Wang Heming, Wang DeLiang
Department of Computer Science and Engineering, The Ohio State University, USA.
Center for Cognitive and Brain Sciences, The Ohio State University, USA.
Proc IEEE Int Conf Acoust Speech Signal Process. 2022 May;2022:7862-7866. doi: 10.1109/icassp43922.2022.9747752. Epub 2022 Apr 27.
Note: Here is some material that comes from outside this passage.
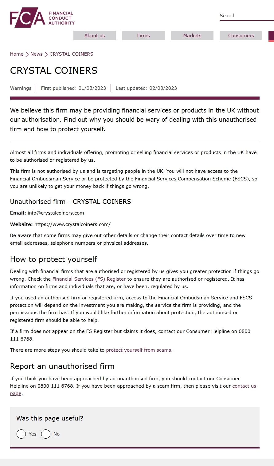 एफसीए की अनधिकृत फर्मों की चेतावनी सूची क्रिस्टल कोइनर्स.

This paper proposes a novel cascade architecture to address the monaural speech enhancement problem. We leverage three different domains of speech representation, namely spectral magnitude, waveform, and complex spectrogram, to progressively suppress the background noise within noisy speech. Our proposed neural cascade architecture consists of three modules, and each operates on the original noisy input and the output of the previous module in a distinct speech representation. During training, the network simultaneously optimizes all modules with a triple-domain loss. Experiments on the WSJ0 SI-84 corpus demonstrate that our proposed approach achieves superior enhancement results, and substantially outperforms previous baselines in terms of both speech quality and intelligibility.
本文提出了一种新颖的级联架构来解决单声道语音增强问题。我们利用语音表示的三个不同域,即频谱幅度、波形和复谱图,逐步抑制噪声语音中的背景噪声。我们提出的神经级联架构由三个模块组成,每个模块在不同的语音表示中对原始噪声输入和前一个模块的输出进行操作。在训练过程中,网络使用三域损失同时优化所有模块。在WSJ0 SI - 84语料库上的实验表明,我们提出的方法取得了优异的增强效果,并且在语音质量和可懂度方面均显著优于先前的基线方法。